Hepatitis C Treatment Progress?

The following announcement from Rigel Pharmaceuticals is disappointing. It is another step closer to a more effective treatment, but, on its own, it shows no breakthrough. In fact, the treatment needs to be rethought because of its minimal effectiveness.

Well, at least it seems safe.

Some of the most interesting information in pharmaceutical company announcements is regarding hepatitis C itself and the state of current treatment. Look at the "About Hepatitis C" section of the report. It clearly points out the shortcomings of current interferon combination therapy.

If you are currently considering therapy, you may want to share this with your doctor, to help keep the limited effectiveness and serious dangers of combination therapy in perspective.

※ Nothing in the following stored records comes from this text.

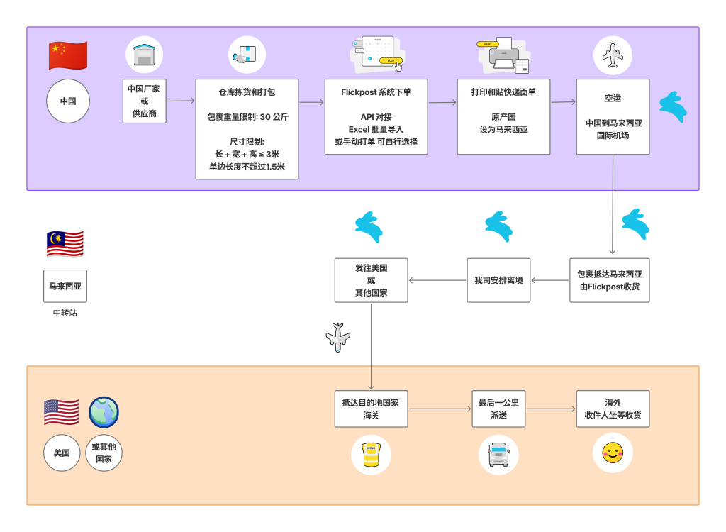通过Flickpost的转运服务,您的电商包裹从原产国发货,经马来西亚高效税务枢纽中转,并空运至目的国——确保快速送达、降低成本及优化税务节省。
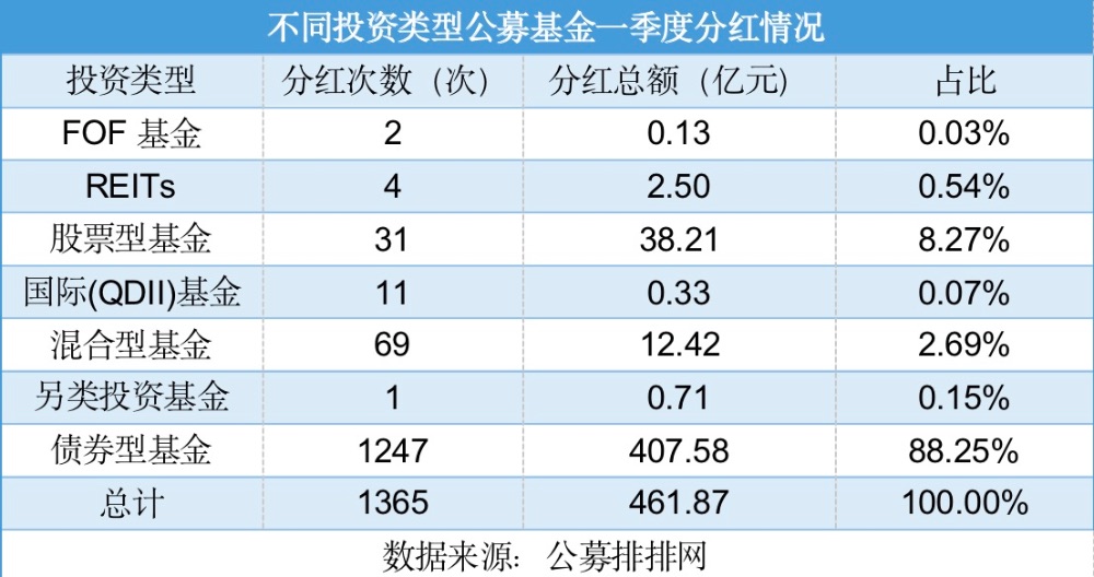 总体来看,一季度债基是公募分红的主力,分红总额超400亿元,占公募基金分红总额的近九成。
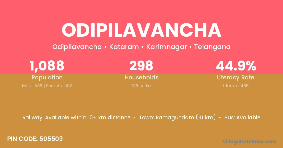 Ramagundam (41 km) is the nearest town to Odipilavancha village for major economic activities and is located approximately 41 km away.
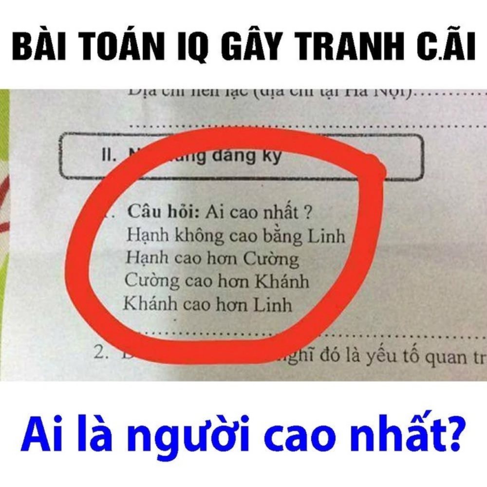 Câu đố được chia sẻ trên mạng xã hội có nội dung như sau: Hạnh không cao bằng Linh, Hạnh cao hơn Cường, Cường cao hơn Khánh, Khánh cao hơn Linh. Hỏi ai cao nhất? Chắc chắn nhiều người khi đọc câu đố này sẽ phải ôm đầu suy nghĩ bởi độ khó của nó.
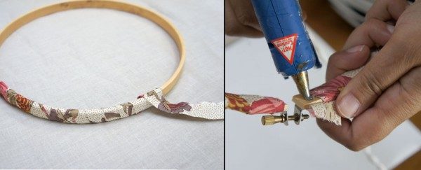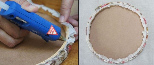 10. С помощью клеевого пистолета приклейте края ткани по кругу к меньшему кольцу пялец. Будьте осторожны, чтобы не получить ожог от горячего клея.
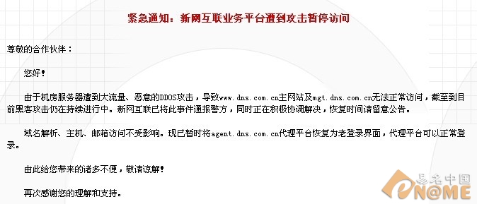 新網(wǎng)互聯(lián)公告截圖
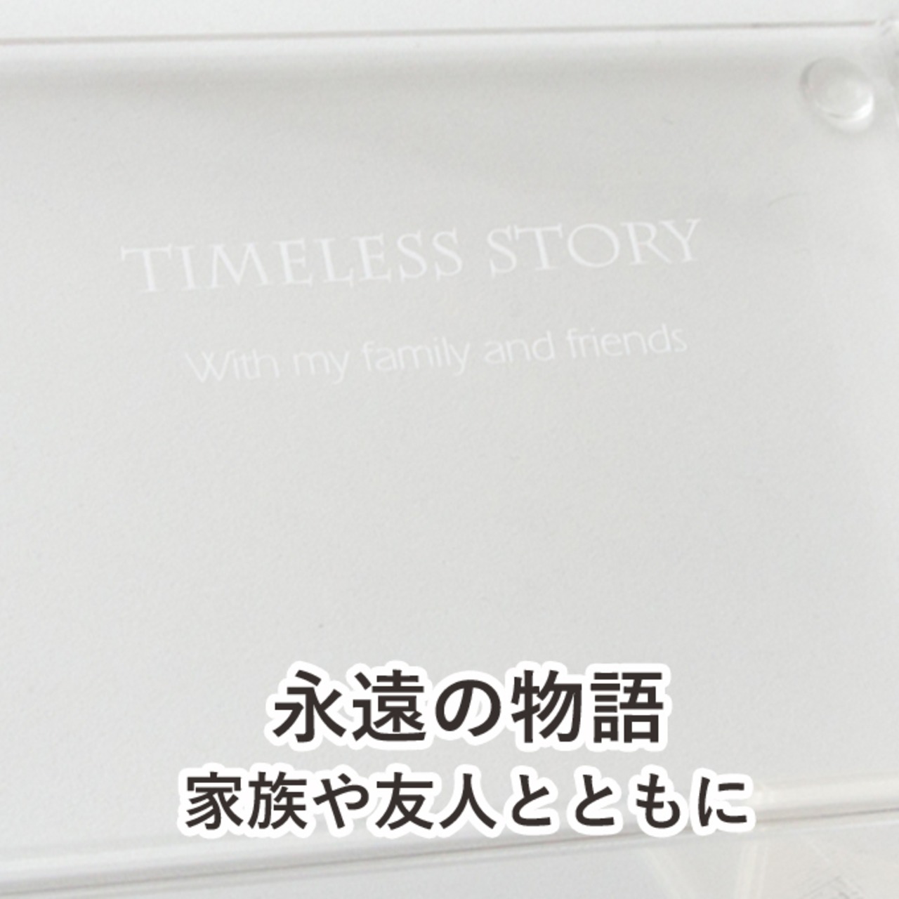 (訳:永遠の物語 家族や友人とともに)と印字されています。
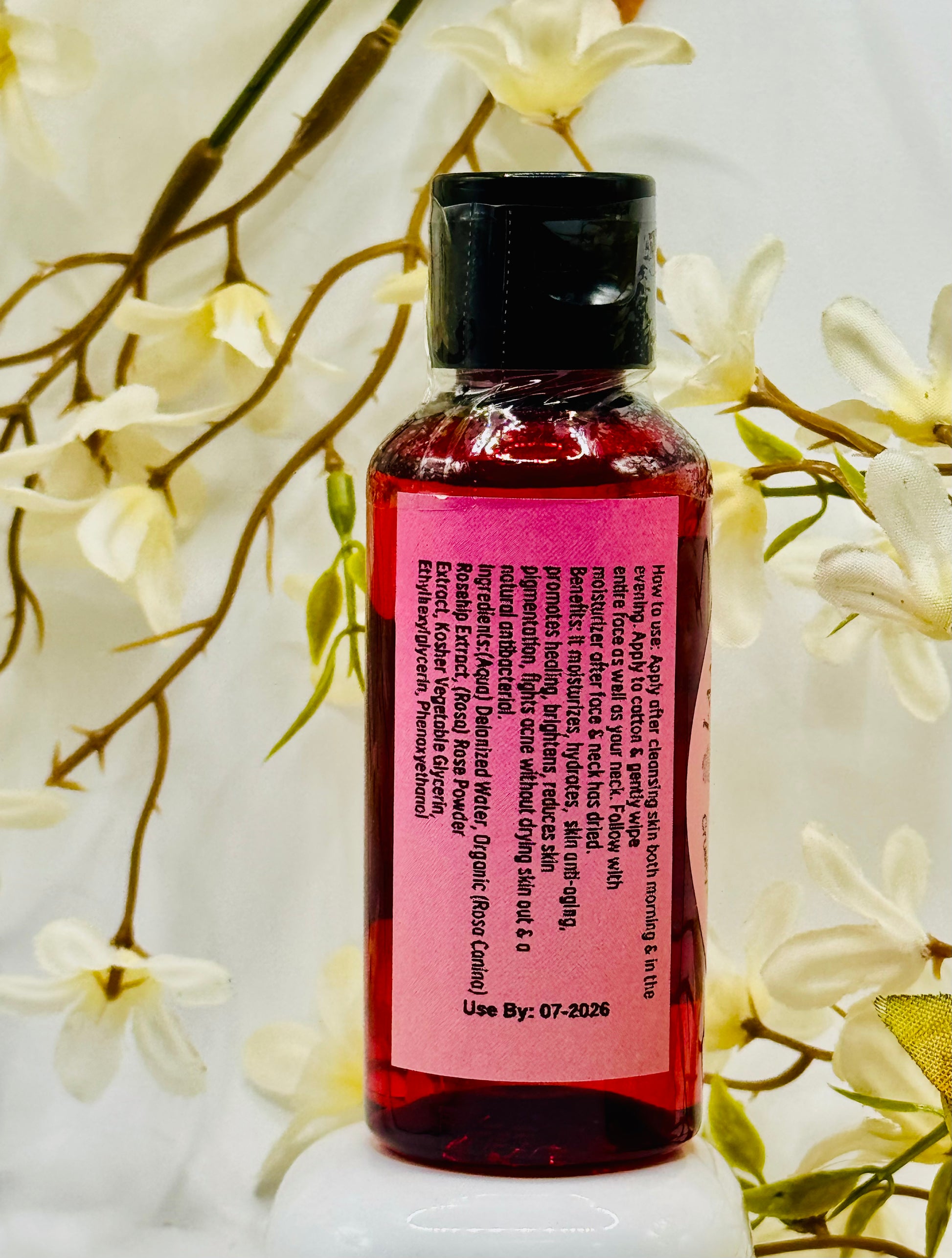 Aqua) Deionized Water, Organic (Rosa Canina) Rosehip Extract, (Rosa) Rose Powder Extract, Koser Vegetable Glycerin, Ethylhexylglycerin, Phenoxyethanol.
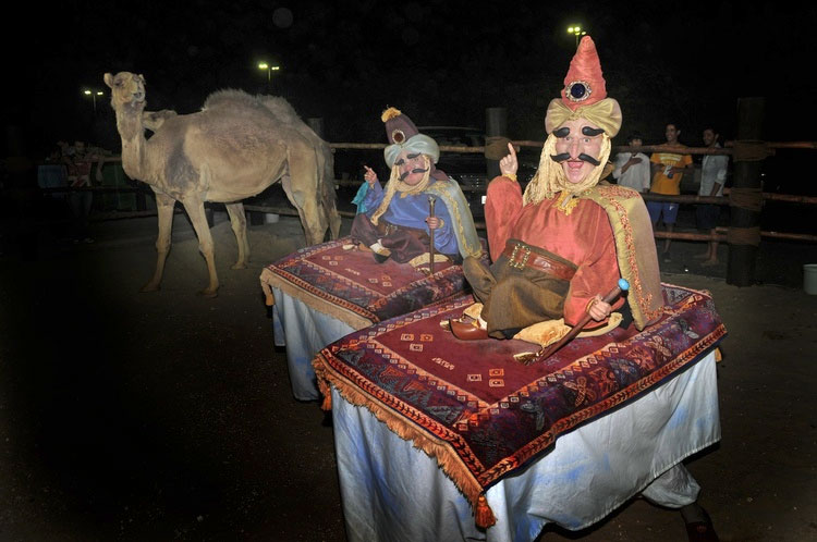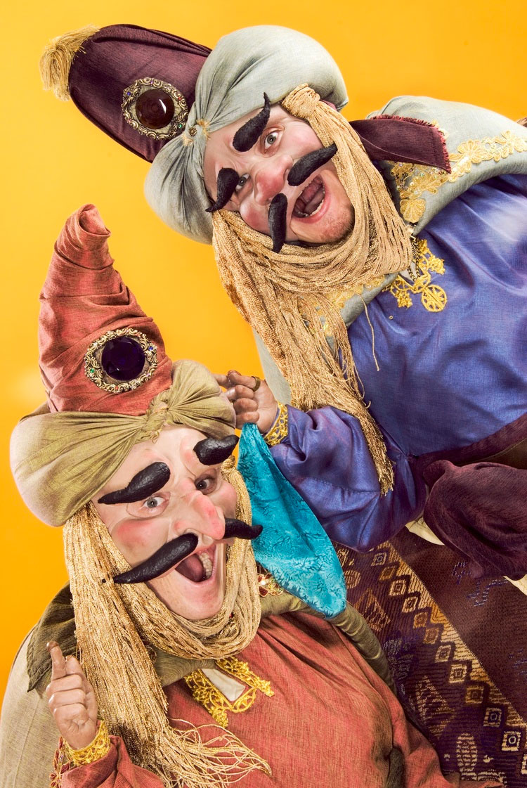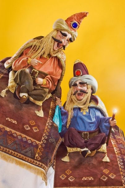 From across the desert sands come legendary storytellers & men of mystery Ruby Murray and Baba Ganush, on their magical flying carpets. Played in the romantic style of Victorian men on their magnificent flying machines, mixed with the slap-stick comedy of a Bernie Clifton style ostrich illusion. These colourful, comic characters demonstrate powers of flight and levitation, enchanting all with their tall tales, terrible jokes and inept seductions.
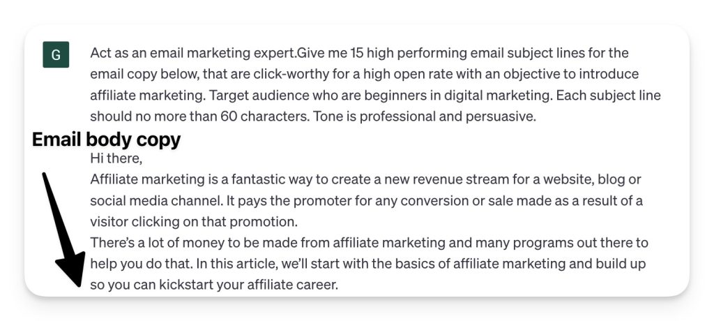 When it comes to email marketing, email subject will almost determine the success or failure of your email campaign because people will only open your email if it’s click worthy. Below is the prompt I have used a lot in generating different email subject lines. Again, include your email body copy as part of the input to give more context to ChatGPT to draft more meaningful output.
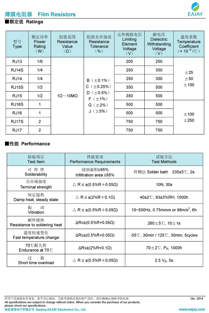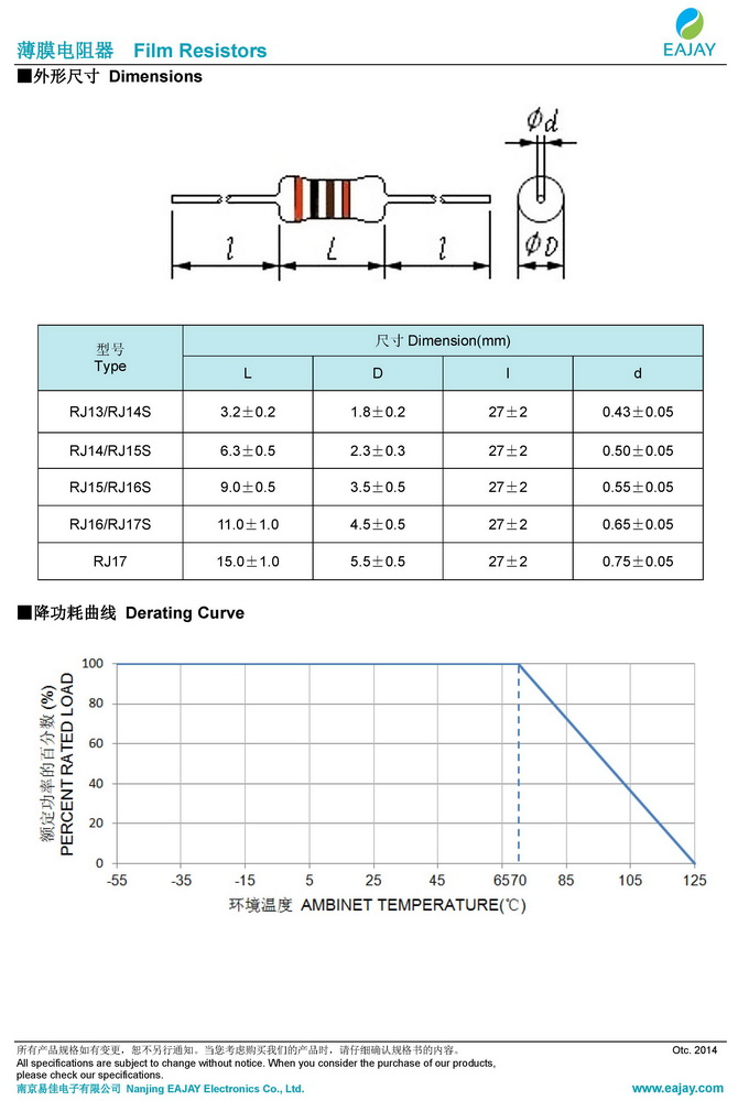 RJ金屬膜電阻器

Poor Bioavailability Results in Insignificant Clinical Effects for Rigel R803 in Phase I/II HCV Trial
Monday November 22, 5:00 am ET

Next Steps for Clinical Program to be Outlined at Analyst Day, December 1st

SOUTH SAN FRANCISCO, Calif., Nov. 22 /PRNewswire-FirstCall/ -- Rigel Pharmaceuticals, Inc. (Nasdaq: RIGL - News) announced today the results from its Phase I/II clinical study of R803, a novel oral hepatitis C RNA polymerase inhibitor. The two-center, double-blind, dose-escalation study examined the safety and pharmacokinetics of R803 and its effectiveness in reducing viral levels in 32 patients infected with Hepatitis C Virus (HCV). The results demonstrated that R803 was well-tolerated and that there were no significant adverse effects. The study showed that the drug was only present in the blood stream at sufficient levels for a limited number of hours during the course of each dosing day. There was a decline in viral levels over the course of treatment and viral levels rose after dosing was discontinued. However, the decline in viral levels was not statistically significant or clinically meaningful. Rigel has continued to develop better delivery approaches of R803, such as a pro-drug of R803, and derivatives of R803 that it believes exhibit superior bioavailability. These potential improvements and next steps in the Rigel HCV clinical program will be discussed at Rigel's analyst day meeting in New York City on December 1, 2004.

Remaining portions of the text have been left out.